Similarity of concepts is not distance. - NISHIO Hirokazu's Scrapbox (Auto-translated from Japanese)

Similarity of concepts is not distance.

Natural Language Processing with word2vec, p.64, where I wrote

Apples and tomatoes are similar. Both are red. Apples and green apples are similar. Both are apples. However, green apples and tomatoes are not so similar.

This phenomenon does not satisfy the trigonometric inequality requirement of distance.

How to solve this problem

Instead of treating the distance Vector similarity between vectors as it is, the distance after collapsing the vectors on various axes is used as the similarity #Collapse axes

https://gyazo.com/6f605fd9a0082f691b3b93c575ccd69e

To thwart a vector in an axial direction means to ignore the difference in that axial direction.

Dimensionality reduction is an abstraction #abstraction #ignore features #ignore differences

I doubt that one axis of the vector created by the current word2vec represents a convenient attribute like "color difference".

word2vec creates vectors based solely on the information of what words appear around a word, so it is not possible to create vectors based on the information of what words appear around a word.

I think something similar is going on in the human brain.

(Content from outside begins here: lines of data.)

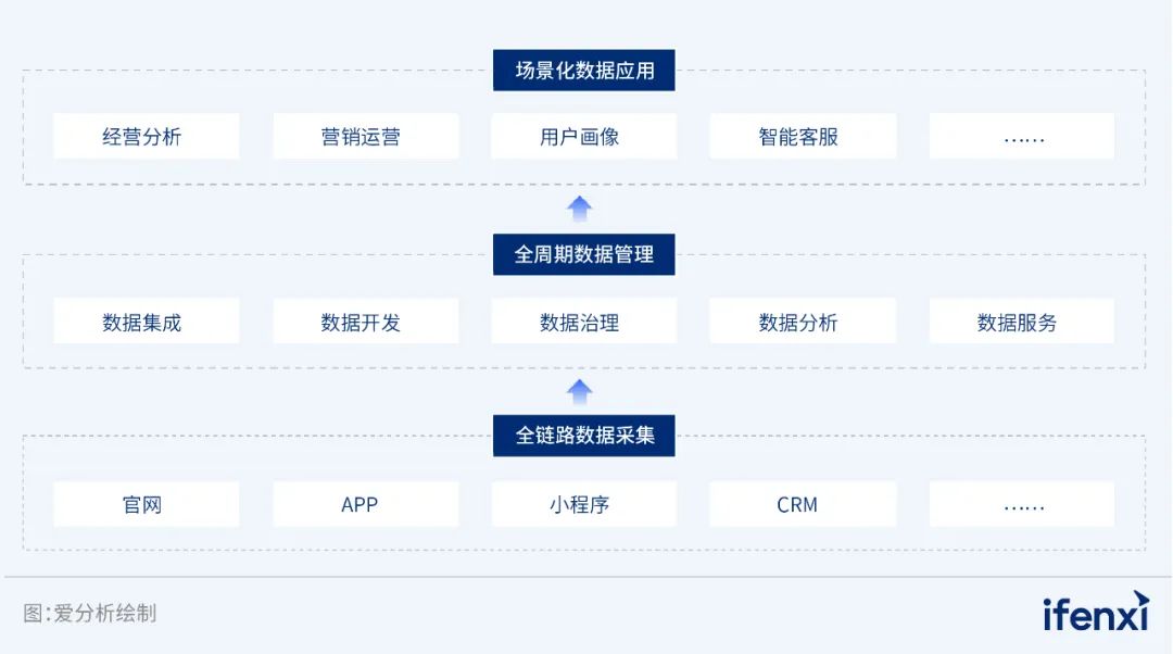 政策层面,各级政府助推数据化建设,力促数据要素价值充分释放。从2020年首次明确数据要素市场发展,到2022年《“十四五”数字经济发展规划》、《关于构建数据基础制度更好发挥数据要素作用的意见》的正式发布,国家密集出台了多项与数据要素相关的政策,整体聚焦以数据安全为前提、完善数据要素产权配置、强化数据要素治理等内容,加快推动数据要素市场规范化发展,促进数据要素潜能进一步释放。需求层面,伴随“以客户为中心”的发展时代到来,企业迫切需要挖掘客户数据价值,通过对数据的洞察、分析与决策帮助企业实现业务创新升级,打造可持续的数字化经营增长模式。例如,业务人员需要全流程的数据驱动,进行客户全生命周期的精细化管理,促进运营效率和效果提升。尤其面对近两年外部商业环境的快速变化,如何存好数据、管好数据、用好数据,实现数据赋能业务韧性发展,成为每个企业思考的重要课题。与此同时,大数据、人工智能、云计算等新兴技术的快速发展,也为数据与业务经营的深度融合奠定基础,支撑企业更高效完成数据采集、存储、加工、分析、应用的价值闭环,实现数据获取量更大、数据分析更加智能化、数据应用场景更加多元化。然而,现阶段企业在数据价值挖掘与应用过程中仍面临诸多挑战,阻碍了数据资产能力的持续提升。第一,数字化触点建设薄弱,无法实现全域数据统一收集。大部分企业数据零散分布在官网、APP、小程序等多个渠道,由于缺乏便捷有效的数据采集工具和数据连接能力,导致很多企业尚未建立全域触点数字化体系,无法实现交易数据、营销数据、客户行为数据、AIoT数据等的全面采集。第二,数据治理程度低,缺少高质量的数据资产沉淀。企业各部门的信息系统往往是分散建设,由于缺少统一的数据管理标准,不仅导致各业务部门采集数据存在口径不一致的问题,而且可能因为不规范的数据采集、存储、处理方式,导致产生异常数据、缺失数据等“脏数据”,从而影响数据资产的价值释放。并且,企业以往的数据治理工作多从单一目标出发,如配合顶层规划、数据平台建设,以及局部的专题治理等要求而进行,导致数据治理的实际效果并不理想。随着业务部门逐渐成为企业数字化的核心,统一数据规划和标准、满足业务部门的分析和应用需求成为企业数据治理的重要趋势。第三,数据应用场景受限,数据价值难以发挥。一方面,当前数据应用于企业内部经营分析、业务提效方面的价值凸显,但受限于数据规模和数据颗粒度粗,企业利用数据驱动精细化客户经营仍面临挑战。因此,企业需要利用技术将客户经营系统与数据系统打通,用数据指导进行客户触达,比如用数据优化广告投放的精准度,用数据帮助运营人员进行精细化客户运营,甚至是指导销售成单的话术沟通。另一方面,伴随数据应用场景的持续扩展,企业对于数据应用的实时性和智能化需求增加。如何基于实时数据快速实现数据分析和洞察,且具备自动化和智能预测能力,是促进企业数据价值释放的关键之一。面对爆炸式数据增长和数据应用难题,企业如何真正发挥数据价值、驱动自身业务长效可持续增长?通过深入调研企业最佳实践经验,认为构建全链路数据能力是解决企业数据难题的最优解,通过形成数据收集、数据治理及数据应用的完整数据智能服务生态闭环,真正让数据产生可持续的商业价值。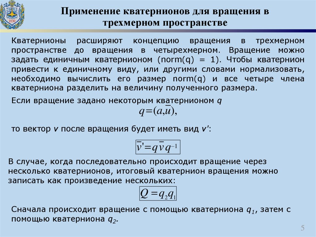 Применение кватернионов для вращения втрехмерном пространстве
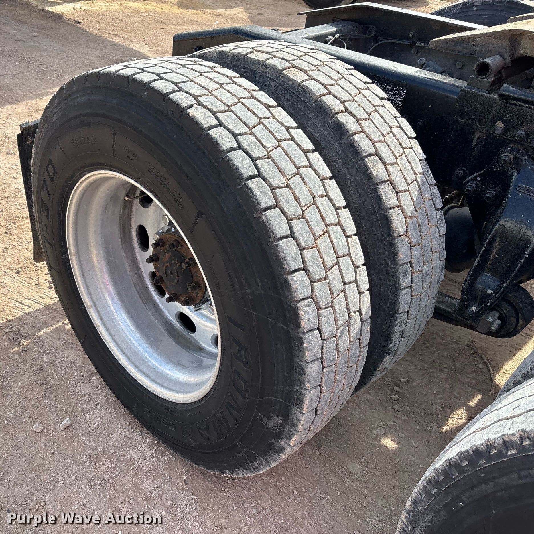 1997 Freightliner FLD120 semi truck. Miles: 604,283 on odometer, VIN: 1FUYDXYBOVP770342. Engine Caterpillar 3406, Displacement: 14.6L, Cylinders: 6, Fuel type: Diesel, HP: 475, Engine brake. Transmission Eaton Fuller, Manual, Speed: 13. Chassis Axles: Tandem, Gear ratio: 3.91, Differential lock: Full, Suspension: Air Dump valves, Brakes: Air, PTO, Truck chassis: 156', GVWR: 52,000 lbs FAWR: 12,000 lbs, RAWR: 40,000 lbs, Wheelbase: 238". Interior AC, Heat, Heated mirrors, Cruise control, Air ride cab, Sleeper Sleeper length: 70", Beds: Single, Refrigerator, Microwave. Features Fifth wheel type: Sliding, Fuel tank: Dual. Tires Size: 11R24.5. Notes Windshield chipped or cracked. Texas bonded title. Title distribution may be delayed up to 30 days from verification of funds. Rod Brothers Logistics. Amarillo, TX 79118

One of the techniques used in Deep Learning is [Dropout

A method of randomly selecting a neuron and stopping its activity to allow it to learn

Doing this increases [generalization performance

Stop the activity of randomly selected neurons

= set the value represented by that neuron to 0

= Crush in the direction of a randomly selected axis

degree of similarity in concept is not [distance

Word Meaning

semantic similarity

People who leap from one story to the next = vector search engines?

Is suggestion a vector search? I think not.

Random dimensionality reduction and then similarity search.

---

This page is auto-translated from /nishio/概念の類似度は距離ではない using DeepL. If you looks something interesting but the auto-translated English is not good enough to understand it, feel free to let me know at @nishio_en. I'm very happy to spread my thought to non-Japanese readers.